I also suggest: heap table -> relation, because we might want to
extend this to other cases later.

+-- toast table.
+begin;
+create table ttab(a text);
+insert into ttab select string_agg(chr(floor(random() * 26)::int +
65), '') from generate_series(1,10000);
+select * from ttab where xmin = 2;
+ a
+---
+(0 rows)
+
+select heap_force_freeze('ttab'::regclass, ARRAY['(0, 1)']::tid[]);
+ heap_force_freeze
+-------------------
+
+(1 row)
+

I don't understand the point of this. You're not testing the function
on the TOAST table; you're testing it on the main table when there
happens to be a TOAST table that is probably getting used for
something. But that's not really relevant to what is being tested
here, so as written this seems redundant with the previous cases.

+-- test pg_surgery functions with the unsupported relations. Should fail.

Please name the specific functions being tested here in case we add
more in the future that are tested separately.

+++ b/contrib/pg_surgery/heap_surgery_funcs.c

I think we could drop _funcs from the file name.

+#ifdef PG_MODULE_MAGIC
+PG_MODULE_MAGIC;
+#endif

The #ifdef here is not required, and if you look at other contrib
modules you'll see that they don't have it.

I don't like all the macros at the top of the file much. CHECKARRVALID
is only used in one place, so it seems to me that you might as well
just inline it and lose the macro. Likewise for SORT and ARRISEMPTY.

Once you do that, heap_force_common() can just compute the number of
array elements once, instead of doing it once inside ARRISEMPTY, then
again inside SORT, and then a third time to initialize ntids.
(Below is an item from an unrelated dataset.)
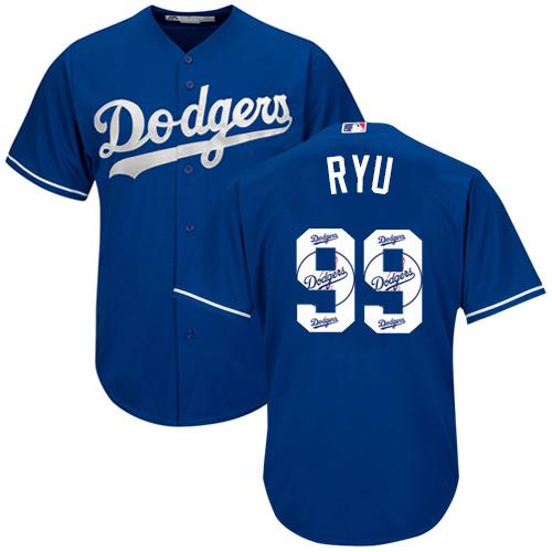 Authentic MLB Dodgers #99 Hyun-Jin Ryu Blue Team Logo Fashion Stitched MLB Jersey

You can
just have a local variable in that function that is set once and then
used as needed. Then you are only doing ARRNELEMS once, so you can get
rid of that macro too. The same technique can be used to get rid of
ARRPTR. So then all the macros go away without introducing any code
duplication.

+/* Options to forcefully change the state of a heap tuple. */
+typedef enum HTupleForceOption
+{
+ FORCE_KILL,
+ FORCE_FREEZE
+} HTupleForceOption;

I suggest un-abbreviating HTuple to HeapTuple and un-abbreviating the
enum members to HEAP_FORCE_KILL and HEAP_FORCE_FREE. Also, how about
option -> operation?

+ return heap_force_common(fcinfo, FORCE_KILL);

I think it might be more idiomatic to use PG_RETURN_DATUM here. I
know it's the same thing, though, and perhaps I'm even wrong about the
prevailing style.

+ Assert(force_opt == FORCE_KILL || force_opt == FORCE_FREEZE);

I think this is unnecessary. It's an enum with 2 values.

+ if (ARRISEMPTY(ta))
+ ereport(ERROR,
+ (errcode(ERRCODE_INVALID_PARAMETER_VALUE),
+ errmsg("empty tid array")));

I don't see why this should be an error. Why can't we just continue
normally and if it does nothing, it does nothing? You'd need to change
the do..while loop to a while loop so that the end condition is tested
at the top, but that seems fine.

+ rel = relation_open(relid, AccessShareLock);

Maybe we should take RowExclusiveLock, since we are going to modify
rows. Not sure how much it matters, though.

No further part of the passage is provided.